The computation is formally a geometry optimization, but to keep the sample doable in a reasonable time the sample performs only one geometry update step. In the optimization, all of the MgCl surface atoms are frozen.

The standard force field has been modified to accommodate this calculation. The modified force field file is part of the sample run script. In this modified file, bonds are defined between Mg-Cl atoms in the MM connection table. This results in some torsions where the atoms are collinear. To rectify this problem, the torsional potentials for these atoms are set to potential type ‘0’ (no potential).

There are no capping atoms mediating the bonds between the QM and MM regions because the boundary goes through the MgCl surface, which is ionically bound.

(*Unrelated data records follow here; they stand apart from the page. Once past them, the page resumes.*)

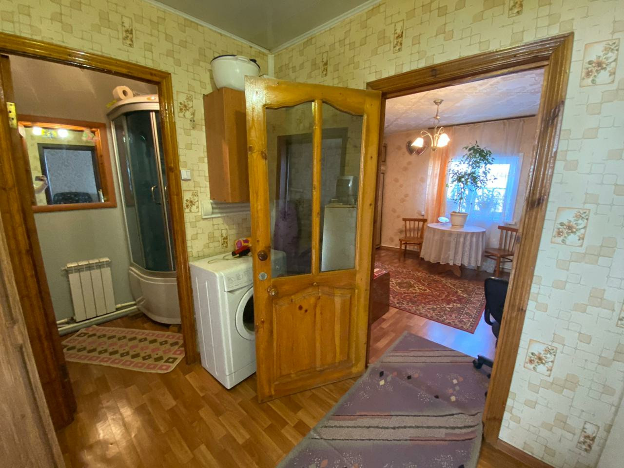 Дом представляет собой входную зону, просторную кухню, 2 спальни, совмещённый санузел (установлена душевая кабина и водонагреватель на 50 литров). Напольное покрытие -линолеум, потолок (высота 2.90см.) натяжной и декоративная плитка, окна пластиковые и деревянные, отопление индивидуальное (газовый котёл), установлены современные радиаторы, канализация индивидуальная.
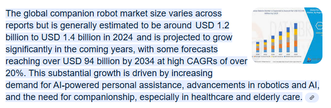 Para 2034, el tamaño del mercado global de robots de compañía alcanzará los 94.000 millones de dólares estadounidenses.
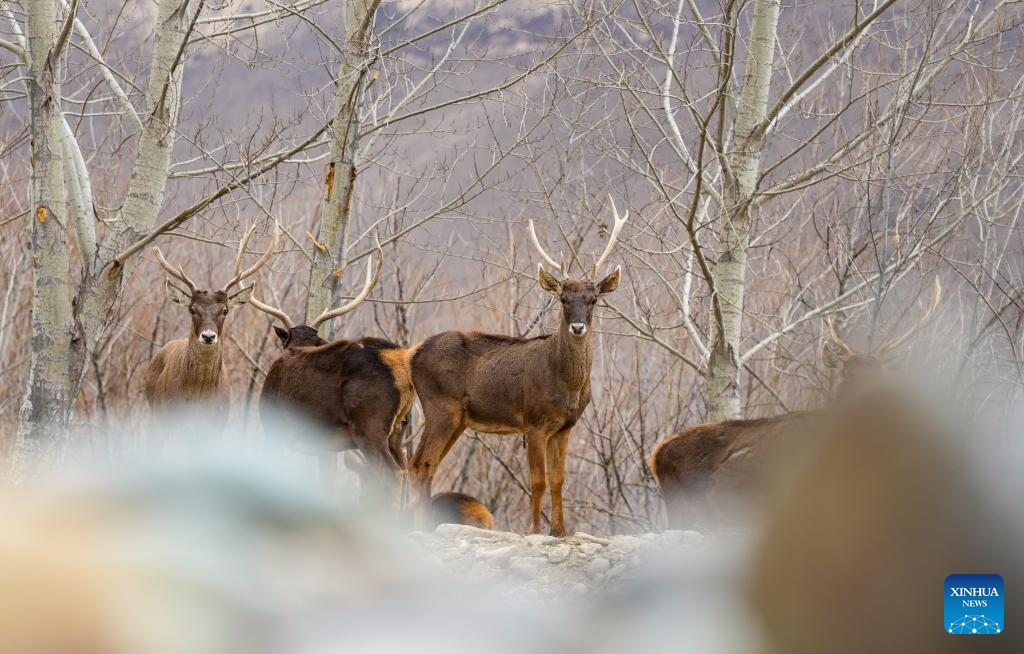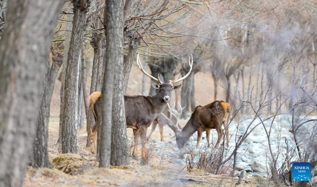 White-lipped deer, a national first-class protected species, are pictured in Gaiba Village of Nedong District in Shannan City, southwest China's Xizang Autonomous Region, March 15, 2026. The population of white-lipped deer has gradually increased with the continuous improvement of the local ecological environment and strengthened biodiversity conservation efforts, serving as a vivid example of ecological development on the plateau. (Xinhua/Jigme Dorje)

cat << eor > champ_de_force.ff
YBYL/TRIPOS FORCE FIELD FILE FOR ADF QM/MM
MODIFIED WITH UFF1.01 FOR Si Mg Ti Cl
L. Petitjean 15.11.1999
*************************************************************************

(Most of the contents of the modified force field file is omitted here. You quickly get the difference with the standard sybyl force field file in the ADF database by running a UNIX diff on the two files.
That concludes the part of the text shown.